A faithful copy of all the data is required; pictures should not be included.

[[ Information, beginning ]]

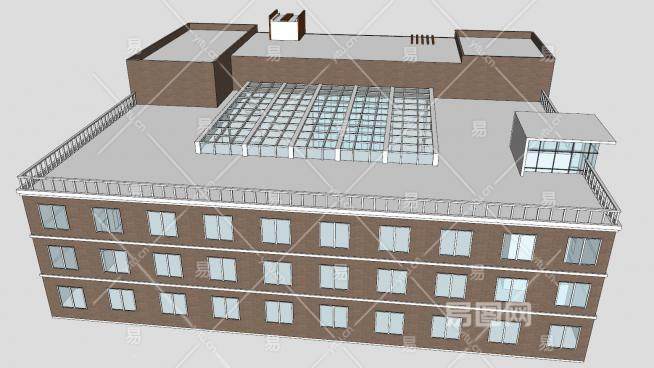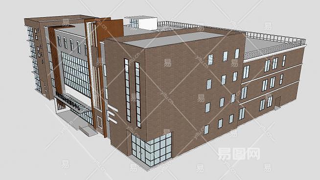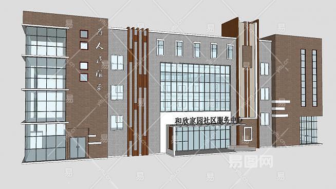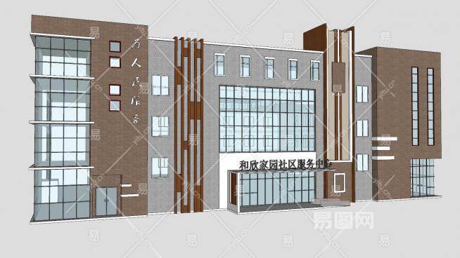 社区综合服务中心办公楼建筑SU模型下载_sketchup草图大师SKP模型
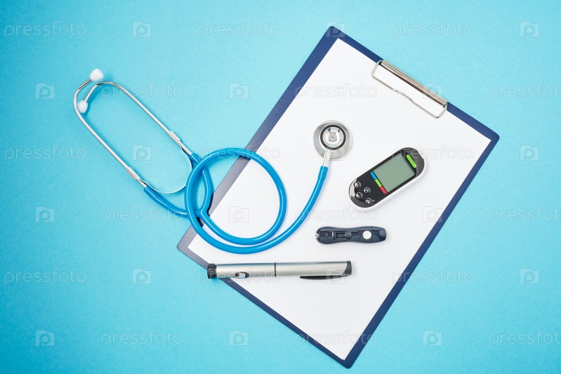 Буфер обмена с белыми чистыми листами бумаги, стетоскоп, глюкометр, ланцет и шприц-ручка с инсулином на синем фоне, концепция дня дайбета, диагностика диабета
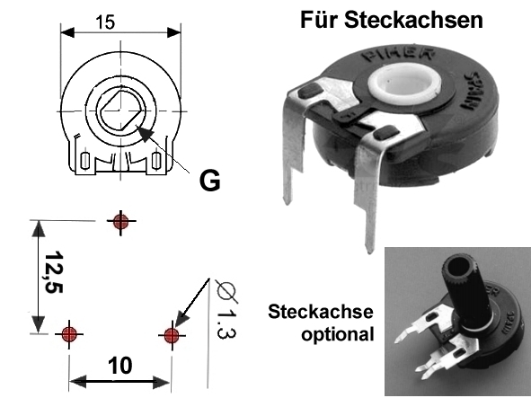 Produktinformationen "500Kohm Trimmer Poti T15 stehend RM10x5 Steckachse"
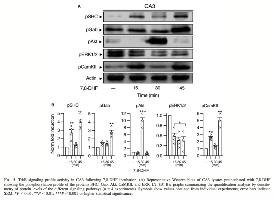 2 數據:Western blot顯示OGD增加pTrkB和pAkt水平,BDNF或7,8-DHF增強磷酸化,ANA-12抑制。研究意義:證明TrkB激活PI-3-K/Akt通路,此通路與細胞生存相關。來源:圖3、5。
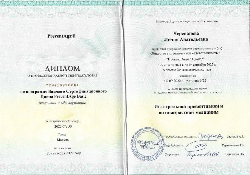 - 2017 г.- ФГБОУ ВО ЮУГМУ Минздрава России, г. Челябинск, профессиональной переподготовка по специальности «Гастроэнтерология»
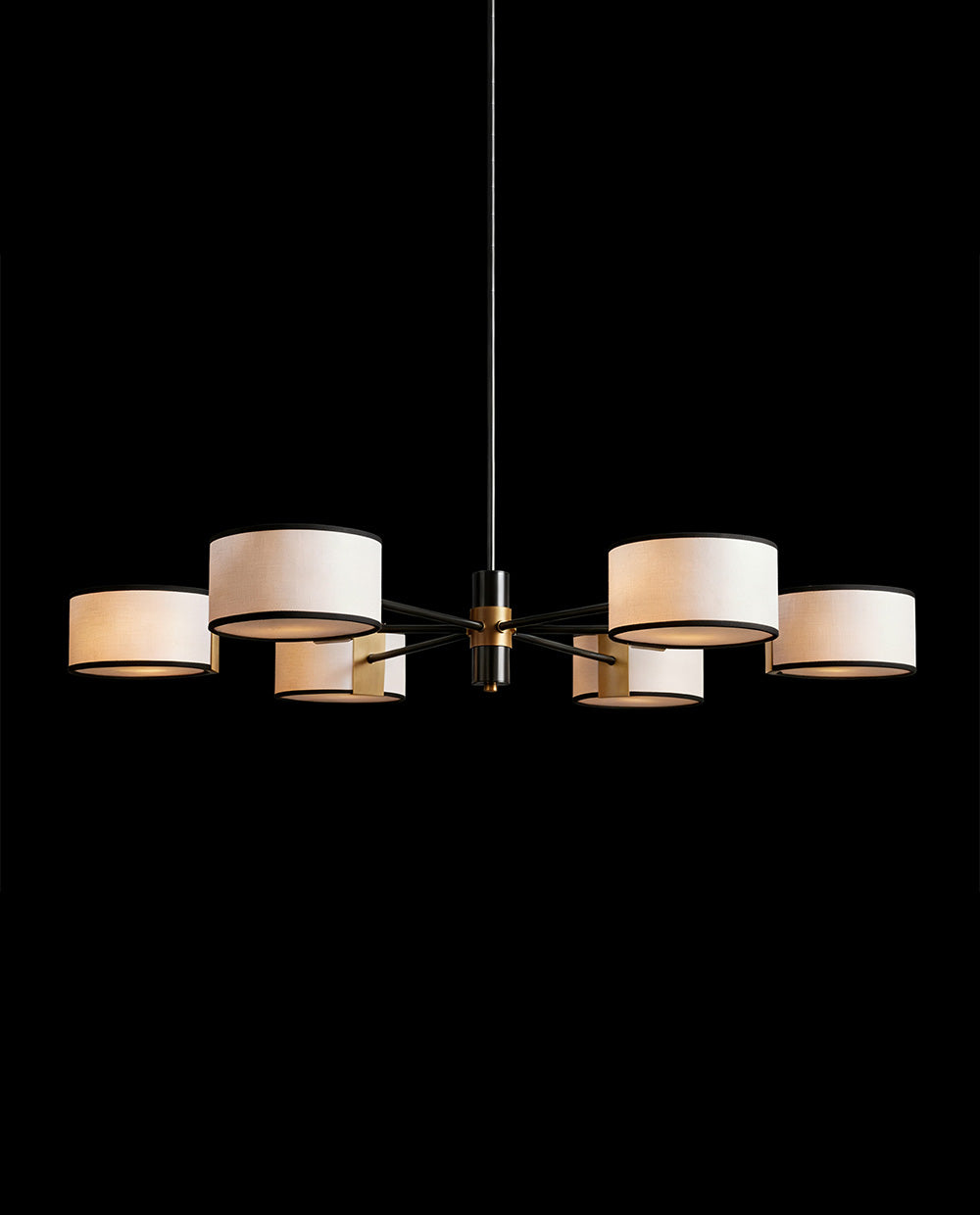 This chandelier is made of metal and fabric, with a light bronze finish for a minimalist and elegant look. It features 6 E26 light sources hidden in beige fabric lampshades. The radial metal branch design is modern and flexible, and the fabric softens the light. Suitable for various spaces, it offers customizable size and finish, making it a clever combination of minimalist style and practical functionality.

[[ Information, end ]]

* Task output
 社区综合服务中心办公楼建筑SU模型下载_sketchup草图大师SKP模型
 Буфер обмена с белыми чистыми листами бумаги, стетоскоп, глюкометр, ланцет и шприц-ручка с инсулином на синем фоне, концепция дня дайбета, диагностика диабета
 Produktinformationen "500Kohm Trimmer Poti T15 stehend RM10x5 Steckachse"
 2 數據:Western blot顯示OGD增加pTrkB和pAkt水平,BDNF或7,8-DHF增強磷酸化,ANA-12抑制。研究意義:證明TrkB激活PI-3-K/Akt通路,此通路與細胞生存相關。來源:圖3、5。
 - 2017 г.- ФГБОУ ВО ЮУГМУ Минздрава России, г. Челябинск, профессиональной переподготовка по специальности «Гастроэнтерология»
 This chandelier is made of metal and fabric, with a light bronze finish for a minimalist and elegant look. It features 6 E26 light sources hidden in beige fabric lampshades. The radial metal branch design is modern and flexible, and the fabric softens the light. Suitable for various spaces, it offers customizable size and finish, making it a clever combination of minimalist style and practical functionality.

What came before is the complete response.